主VM接收的所有输入都通过一个称为日志通道的网络连接发送到备份VM。对于服务器工作负载，主要的输入流量是网络和磁盘。为了确保备份VM以与主VM相同的方式执行非确定性操作，需要传输额外的信息(如下面的2.1节所述)。结果是备份VM总是与主VM执行相同。但是，备份VM的输出会被系统管理程序删除，因此只有主VM产生返回给客户机的实际输出。如第2.2节所述，主VM和备份VM遵循特定的协议，包括备份VM的显式确认，以确保在主VM失败时不会丢失任何数据。

A crucial issue that is not discussed much in previous work is the actual process of determining quickly whether a primary or backup VM has failed. Our system uses a combination of heartbeating between the relevant servers and monitoring of the traffic on the logging channel. In addition, we must ensure that only one of the primary or backup VM takes over execution, even if there is a split-brain situation where the primary and backup servers have lost communication with each other.

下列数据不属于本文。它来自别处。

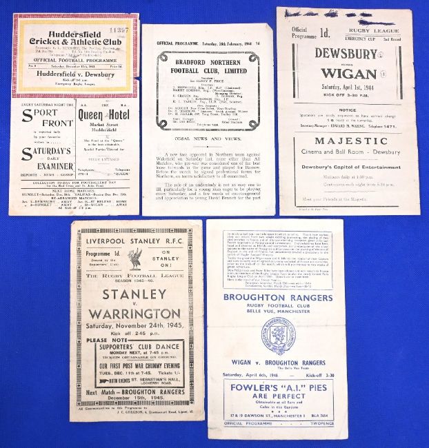 Five wartime Rugby League programmes to include 43/44 Huddersfield v Dewsbury Bradford Northern v Featherstone Dewsbury v Wigan 45/46 Liverpool Stanley v Warrington Broughton Rangers v Wigan Fair/Good condition

在之前的工作中没有过多讨论的一个关键问题是快速确定主虚拟机或备份虚拟机是否发生故障的实际过程。我们的系统结合使用相关服务器之间的心跳和日志通道上的流量监控。此外，我们必须确保只有主虚拟机或备份虚拟机中的一个接管执行，即使存在主备服务器失去通信的裂脑情况。

In the following sections, we provide more details on several important areas. In Section 2.1, we give some details on the deterministic replay technology that ensures that primary and backup VMs are kept in sync via the information sent over the logging channel. In Section 2.2, we describe a fundamental rule of our FT protocol that ensures that no data is lost if the primary fails. In Section 2.3, we describe our methods for detecting and responding to a failure in a correct fashion.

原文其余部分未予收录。